Now, let us segment all our test images, perform measurements for all objects, capture them into a pandas dataframe and save the dataframe into a csv file.

In [None]:
import os
import csv
import cv2
import matplotlib.pyplot as plt
from skimage.measure import label, regionprops

# Directory path to the input images folder
input_images_directory = "/content/drive/MyDrive/ColabNotebooks/data/NuInsSeg_Nuclei_dataset/yolo_dataset/test/images"

# Output directory where the CSV file will be saved
output_csv_path = "/content/drive/MyDrive/ColabNotebooks/data/NuInsSeg_Nuclei_dataset/yolo_dataset/test_results/output_objects_yolo.csv"

# Extract the directory name from the full path
output_dir_name = os.path.dirname(output_csv_path)

# Check if the directory exists
if not os.path.exists(output_dir_name):
    os.makedirs(output_dir_name)

# List of valid image extensions.

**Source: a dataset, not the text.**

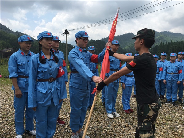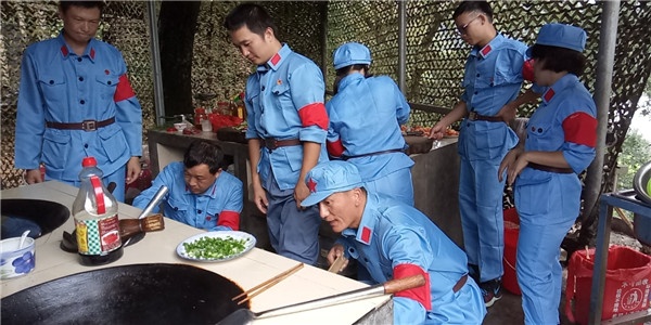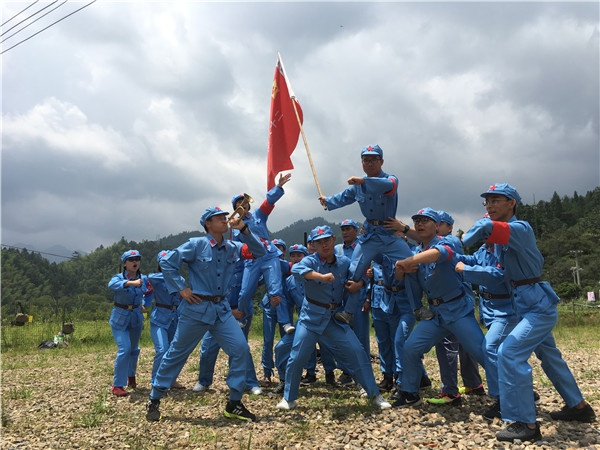 一大早學(xué)員們穿著整齊的紅軍服,來(lái)到井岡山紅軍訓(xùn)練場(chǎng)開(kāi)始了紅色拓展訓(xùn)練活動(dòng),在基地教官的帶領(lǐng)下,學(xué)員們先學(xué)習(xí)了“三灣改編”的歷史背景,根據(jù)“三灣改編”的特點(diǎn)及要求進(jìn)行隊(duì)伍改編。學(xué)員們?cè)趦晌唤坦俚闹笓]下被分成了兩個(gè)團(tuán)隊(duì),并選出團(tuán)長(zhǎng)、政委指揮系列團(tuán)隊(duì)活動(dòng),主要包括團(tuán)隊(duì)展示、傷員救護(hù)、自做紅軍餐、破譯密碼、齊心協(xié)力過(guò)草地、搶灘登陸等環(huán)節(jié)。第一環(huán)節(jié)是團(tuán)隊(duì)文化展示,兩個(gè)團(tuán)隊(duì)在團(tuán)長(zhǎng)、政委的組織下制定了自己團(tuán)隊(duì)的團(tuán)名、口號(hào)、團(tuán)歌等并進(jìn)行展示;第二環(huán)節(jié)是傷員救護(hù),通過(guò)模仿紅軍戰(zhàn)士受傷,戰(zhàn)士們要通過(guò)自制單架將受傷戰(zhàn)士送回營(yíng)地;第三環(huán)節(jié)是學(xué)員們通過(guò)合作自做紅軍餐,體驗(yàn)革命先烈們自強(qiáng)不息的精神;第四環(huán)節(jié)是破譯密碼,通過(guò)游戲體驗(yàn)的方式讓學(xué)員們體會(huì)到了團(tuán)隊(duì)領(lǐng)導(dǎo)的核心、團(tuán)隊(duì)目標(biāo)、團(tuán)隊(duì)紀(jì)律在一個(gè)團(tuán)隊(duì)中的重要性,培養(yǎng)了各學(xué)員的創(chuàng)造性思維,提高了學(xué)員對(duì)問(wèn)題的認(rèn)識(shí)及解決問(wèn)題的能力;第五個(gè)環(huán)節(jié)齊心協(xié)力過(guò)草地,分組比拼,展現(xiàn)團(tuán)隊(duì)合作的力量;第六個(gè)環(huán)節(jié)搶灘登陸,磨煉了各學(xué)員的意志,加強(qiáng)了各學(xué)員之間的溝通,培養(yǎng)了團(tuán)隊(duì)精神,讓大家體會(huì)到合作共贏所取得的成果?;顒?dòng)中,每位學(xué)員都在挑戰(zhàn)自己,戰(zhàn)勝自己,展現(xiàn)了積極向上、團(tuán)結(jié)一心、行為有序的蓬勃面貌。

This ensures that the code doesn't throw
# errors if your directory has non-images, like .json or other text files.
valid_extensions = ['.jpg', '.jpeg', '.png', '.bmp', '.tiff', '.gif']

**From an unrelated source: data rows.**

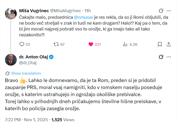 Na X je zapisal, da “lahko le domnevamo, da je ta Rom, preden si je pridobil zaupanje predsednice republike, moral vsaj namigniti, kdo v romskem naselju poseduje orožje, s katerim ustrahujejo in ogrožajo okoliške prebivalce. Torej lahko v prihodnjih dneh pričakujemo številne hišne preiskave, v katerih bo policija zasegla orožje,” je dodal.
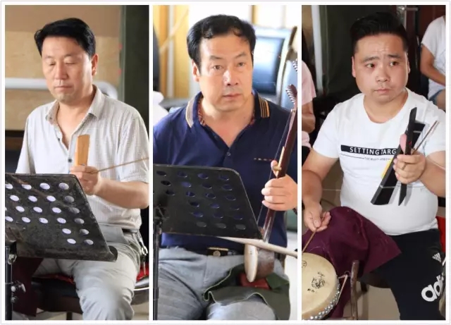 (左)二级鼓师周元灵(中)二级琴师鱼军民(右)青年鼓师段恒飞
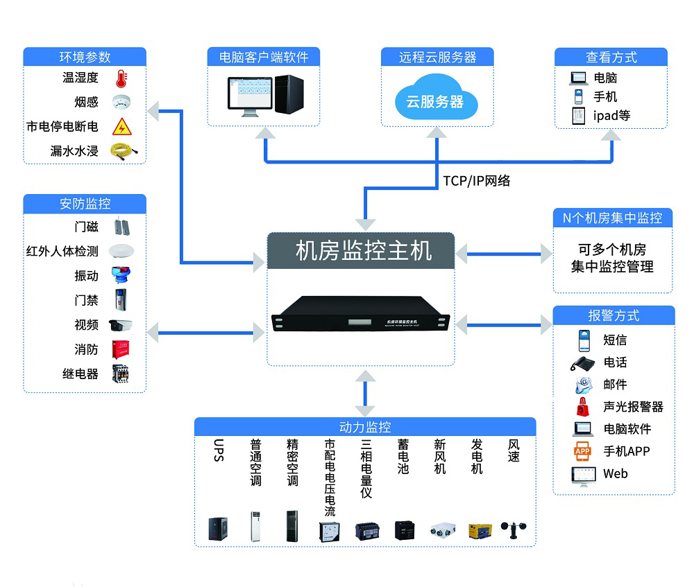 隨著信息網絡技術的不斷發展,各類規模大小不等,設備種類、數量不同的網絡設備機房廣泛分布于用戶各分支機構所在地域,由于欠缺與運行網絡的規模體系相對稱的運維系統,數量眾多的無人值守機房的物理運行環境狀況、動力配電狀況、設備運行狀況、人員活動狀況以及消防狀況的變化包括可能出現的危急狀況,均無法得到及時的發現和處理,也就很難被有效預見、防范和避免。因此,一套完善的機房環境監控系統對于機房、IDC等場所非常重要。

# Open the CSV file for writing
with open(output_csv_path, 'w', newline='') as csvfile:
    csvwriter = csv.writer(csvfile)

    # Write the header row in the CSV file
    csvwriter.writerow(["File Name", "Class Name", "Object Number", "Area", "Centroid", "BoundingBox"])

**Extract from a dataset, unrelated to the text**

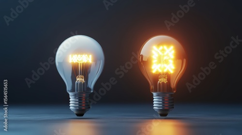 Two incandescent light bulbs glowing against a dark background, one lit with a warm orange glow and the other with a cool white light

    # Loop over the images in the input folder
    for image_filename in os.listdir(input_images_directory):
        # Check if the file has a valid image extension
        if not any(image_filename.lower().endswith(ext) for ext in valid_extensions):
            continue

        image_path = os.path.join(input_images_directory, image_filename)
        new_im = cv2.imread(image_path)

        # Perform prediction on the new image
        new_results = my_new_model.predict(new_im, conf=0.2)  # Adjust conf threshold


        # Access the bounding boxes and class labels from new_results
        bounding_boxes = new_results[0].boxes.data.cpu().numpy()  # Move to CPU and convert to NumPy array
        class_labels = [0 for _ in range(len(bounding_boxes))]  # Assuming all objects are 'Nuclei'

        # Write the object-level information to the CSV file
        for i, bbox in enumerate(bounding_boxes):
            object_number = i + 1
            x1, y1, x2, y2 = bbox[:4]  # Only take the first 4 values
            area = (x2 - x1) * (y2 - y1)
            centroid = ((x1 + x2) / 2, (y1 + y2) / 2)
            bounding_box = (x1, y1, x2, y2)

            #
            class_name = 'Nuclei'  # Since all objects are 'Nuclei' in this example

            csvwriter.writerow([image_filename, class_name, object_number, area, centroid, bounding_box])

print("Object-level information saved to CSV file.")



0: 512x512 58 Nucleis, 15.4ms
Speed: 3.7ms preprocess, 15.4ms inference, 4.0ms postprocess per image at shape (1, 3, 512, 512)

0: 512x512 38 Nucleis, 10.4ms
Speed: 2.0ms preprocess, 10.4ms inference, 3.0ms postprocess per image at shape (1, 3, 512, 512)

0: 512x512 112 Nucleis, 10.3ms
Speed: 2.3ms preprocess, 10.3ms inference, 4.8ms postprocess per image at shape (1, 3, 512, 512)

0: 512x512 47 Nucleis, 10.1ms
Speed: 2.0ms preprocess, 10.1ms inference, 3.4ms postprocess per image at shape (1, 3, 512, 512)

0: 512x512 7 Nucleis, 8.1ms
Speed: 3.2ms preprocess, 8.1ms inference, 2.5ms postprocess per image at shape (1, 3, 512, 512)

0: 512x512 15 Nucleis, 9.4ms
Speed: 2.1ms preprocess, 9.4ms inference, 2.8ms postprocess per image at shape (1, 3, 512, 512)

0: 512x512 51 Nucleis, 11.7ms
Speed: 1.5ms preprocess, 11.7ms inference, 3.3ms postprocess per image at shape (1, 3, 512, 512)

0: 512x512 39 Nucleis, 8.9ms
Speed: 2.2ms preprocess, 8.9ms inference, 4.4ms postprocess per image at shape

Object-level information saved to CSV file.